Shipping the finished maltol to clients doesn’t end our involvement. We keep our technical support lines open, fielding questions on storage, blending, and stability after the product leaves our hands. If a customer runs a trial and needs a different mesh size to improve blending, or asks for expanded allergen or contaminant testing, we adjust and respond.
We support customers through process transitions — from new product scale-ups to regulatory filings or new packaging needs. Our actions reflect the understanding that ingredients must perform not just in theory, but in thousands or millions of end products. This practical, ongoing service makes a difference in how maltol gets used, tasted, and noticed by consumers.
Manufacturing maltol has become more than just a batch-based chemical process. We see each kilogram as part of products that impact real people’s routines and businesses. Each improvement in process, testing, or sustainability ripples outward — helping other businesses respond to changing consumer demand and regulatory shifts.

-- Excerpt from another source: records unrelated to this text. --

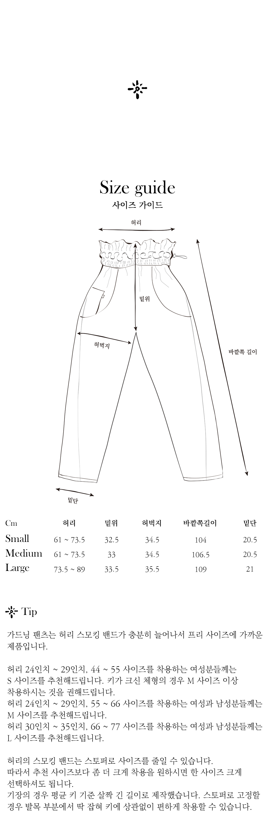허리의 스모킹 밴드는 스토퍼로 사이즈를 줄일 수 있습니다.
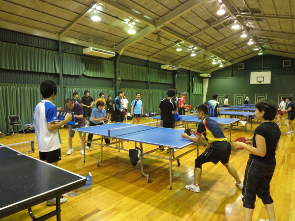 大学卓球場にてOBOGの卓球大会が開催され、ダブルス3組、4チームの総当り戦を行いました。
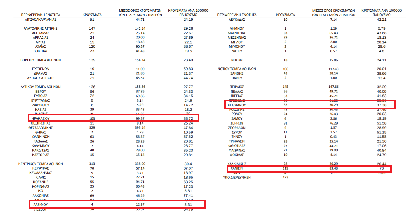 103 νέα κρούσματα εντοπίστηκαν στο Ηράκλειο
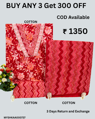- Fabric Details : Top : Pure Cambric Cotton 60-60 || Bottom : Printed Cotton bottom || Dupatta : Cotton Dupatta
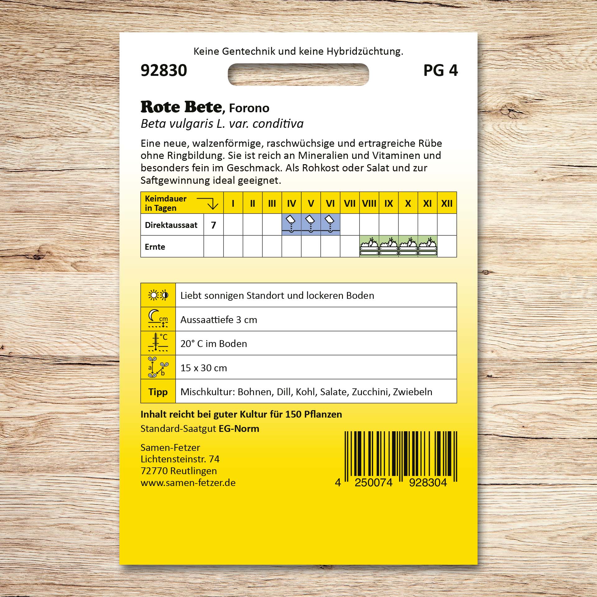 „Forono“ ist eine walzenförmige, raschwüchsige und ertragreiche Rübensorte ohne Ringelung. Diese roten Rüben sind reich an Mineralien und Vitaminen und besonders fein im Geschmack. In der Ausgewogenen und bewussten Küche sind Rote Rüben nicht wegzudenken. Als Rohkost, gedünstet oder eingelegt, sind sie eine gesunde Abwechslung. Vereinzeln Sie die Keimlinge nach dem Auflaufen auf den richtigen Pflanzabstand von 12-15 cm. Wenn Sie die Rote Beten für den Winterbedarf einlagern möchten, sollten Sie diese bis Ende Oktober ernten. Schlagen Sie die Kugeln in Sand ein und überwintern Sie diese frostfrei.
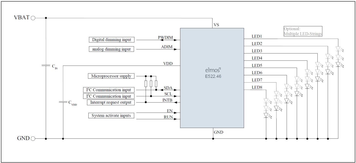 —E522.46---8路高邊線性恒流LED驅(qū)動(dòng)器簡(jiǎn)潔靈活的系統(tǒng)配置
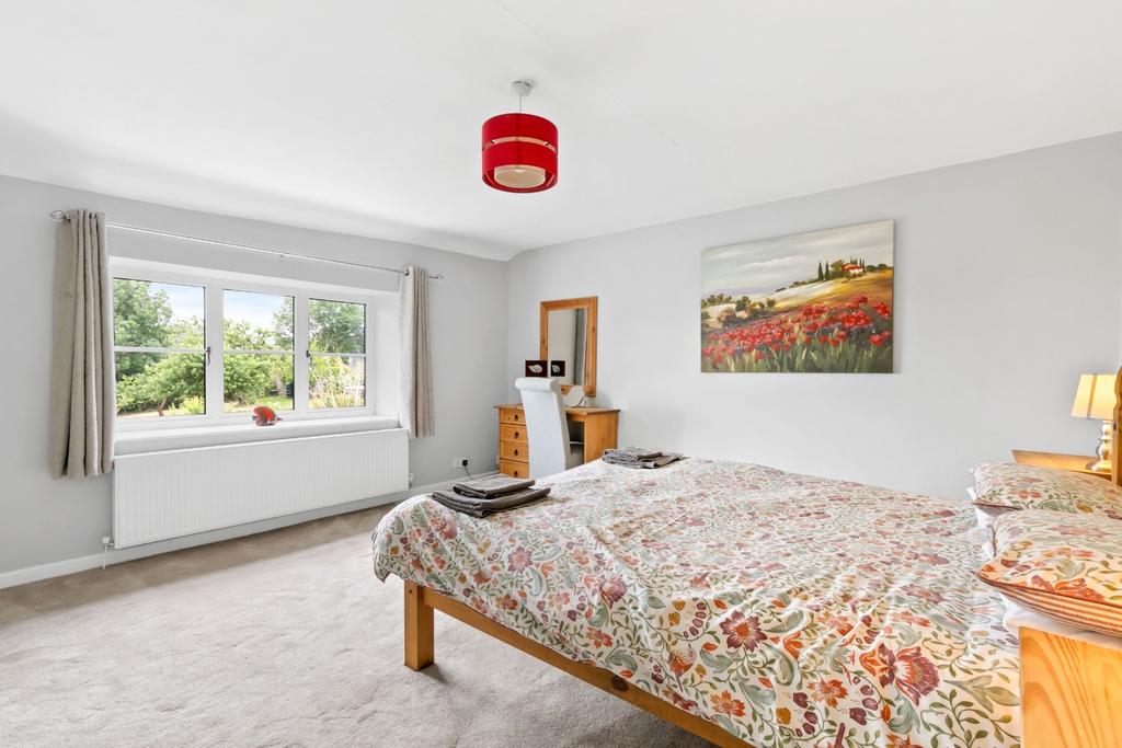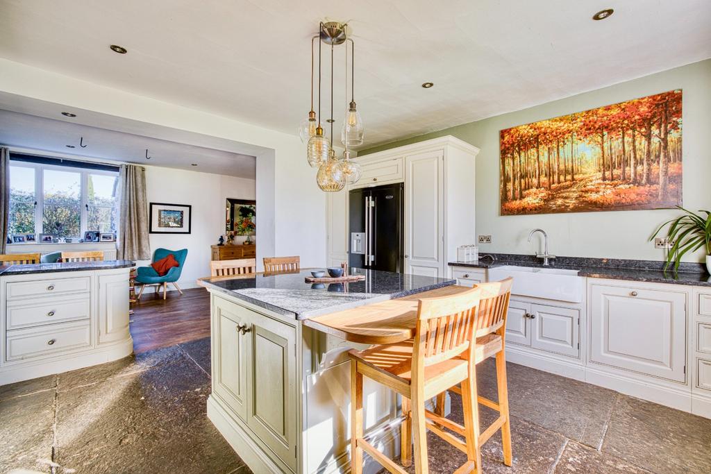The kitchen/living room is also dual-aspect and it is open-plan, adding openness and flow to the ground floor. Stylish, classic kitchen units and dark granite worksurface along with a unique central island that has two oak breakfast bars, create a wonderfully sociable working area, perfect for welcoming guests or casual dining. There are integrated appliances, including fridge/freezer, extractor and dishwasher, with over and under unit lights, double Belfast sink, and attractive pendant light over the island and a south facing window overlooking the beautiful garden. In the living area there is plenty of space for meeting, greeting and seating as well as space for dining if required.
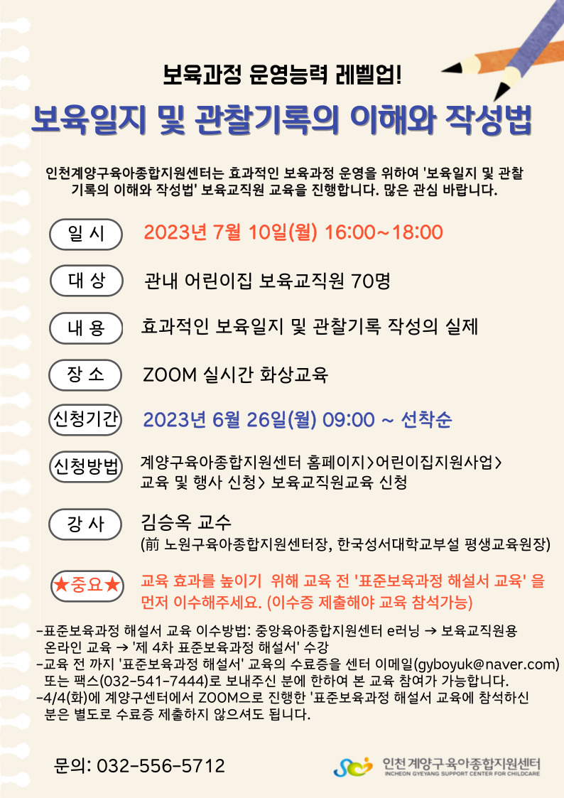 | 기타사항 | -ZOOM 교육입니다. -교육 참석 전 표준보육과정 해설서 교육을 먼저 이수하시고 이수증을 센터 메일(gyboyuk@naver.com) 또는 팩스(032-541-7444)로 보내주세요. |
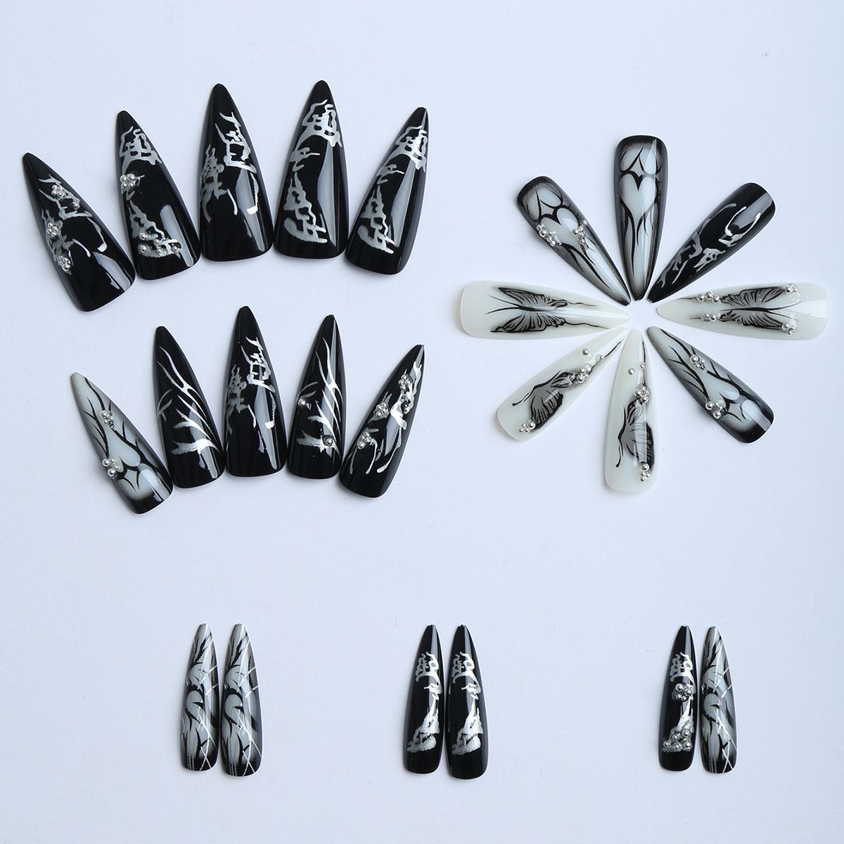 Dark style long almond-shaped wearable nails with silver steel bead butterfly prints and high-end false nail patches
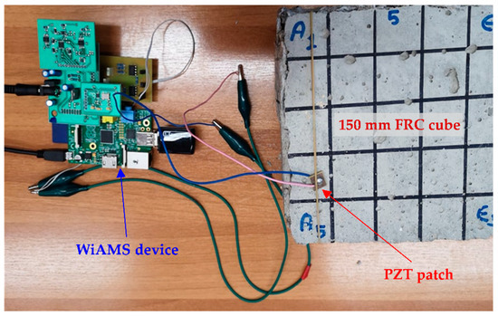 - Chalioris, C.E.; Providakis, C.P.; Favvata, M.J.; Papadopoulos, N.A.; Angeli, G.M.; Karayannis, C.G. Experimental application of a wireless earthquake damage monitoring system (WiAMS) using PZT transducers in reinforced concrete beams. WIT Trans. Built. Environ. 2015, 152, 233–243. [Google Scholar] [CrossRef] [Green Version]
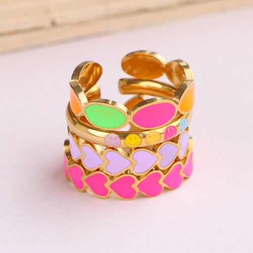 Anillos Acero Inox esmalte smiley Neón multicolor-dorado
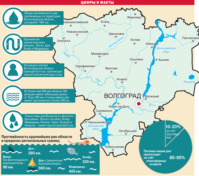 Волгоградская область расположена на юге России и граничит с Саратовской, Ростовской, Астраханской и Воронежской областями, Республикой Калмыкией и Казахстаном. С севера на юг и с запада на восток область протянулась более чем на 400 км. Здесь есть леса, болота, степи, полупустыни и даже настоящие пустыни. По территории Волгоградской области протекает около 200 рек. Самые известные из них – Волга и Дон.
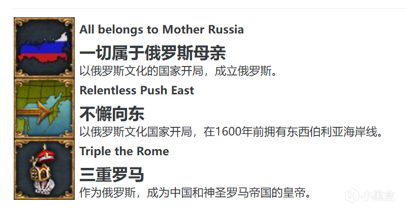 成立俄罗斯没有难度,莫斯科体量碾压周围国家,与游牧对战时注意避免在平地即可。不懈向东对于新手时间稍微紧,需要尽快成立俄罗斯拿到西伯利亚拓荒区理念。三重罗马一般用瓦剌来做,当然用俄罗斯做最正统,需要对转教、转文化、神罗、天命等机制都有了解。
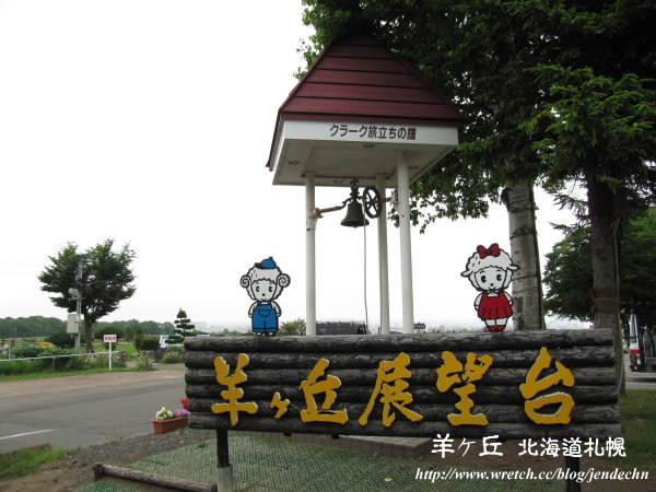 一到羊ヶ丘首先看到的是克拉克博士的銅像,克拉克博士是札幌農學院(北海道大學的前身)的初代教頭,為了紀念他對北海道的貢獻,於1976年(克拉克博士誕生150週年)建立銅像。由銅像的後方遠眺,可看到札幌巨蛋,只可惜因天候的關係,照片色彩遠不及雙眼所見,美景只好映在腦中。

Ongoing investment in process controls and supply traceability remains essential if we want to supply food and pharmaceutical brands of every size. Experience tells us that market needs, tastes, and rules will continue to change, and we must keep learning directly from both scientific developments and our most demanding customers.
Working close to the source, understanding the intricate chemistry and practical realities, and staying open to dialogue with partners lets us offer more than just a standardized product. It allows us to support new launches, reformulations, and the ongoing work of making food and health products taste better, last longer, and match evolving regulations.
As a direct manufacturer, we view the story of maltol as ongoing— not a static, finished chapter, but a part of continuous research, collaboration, and practical problem-solving. From sourcing and process chemistry to packaging, support, and sustainability, every piece counts. We look forward to pushing those boundaries further, hand in hand with our customers and partners.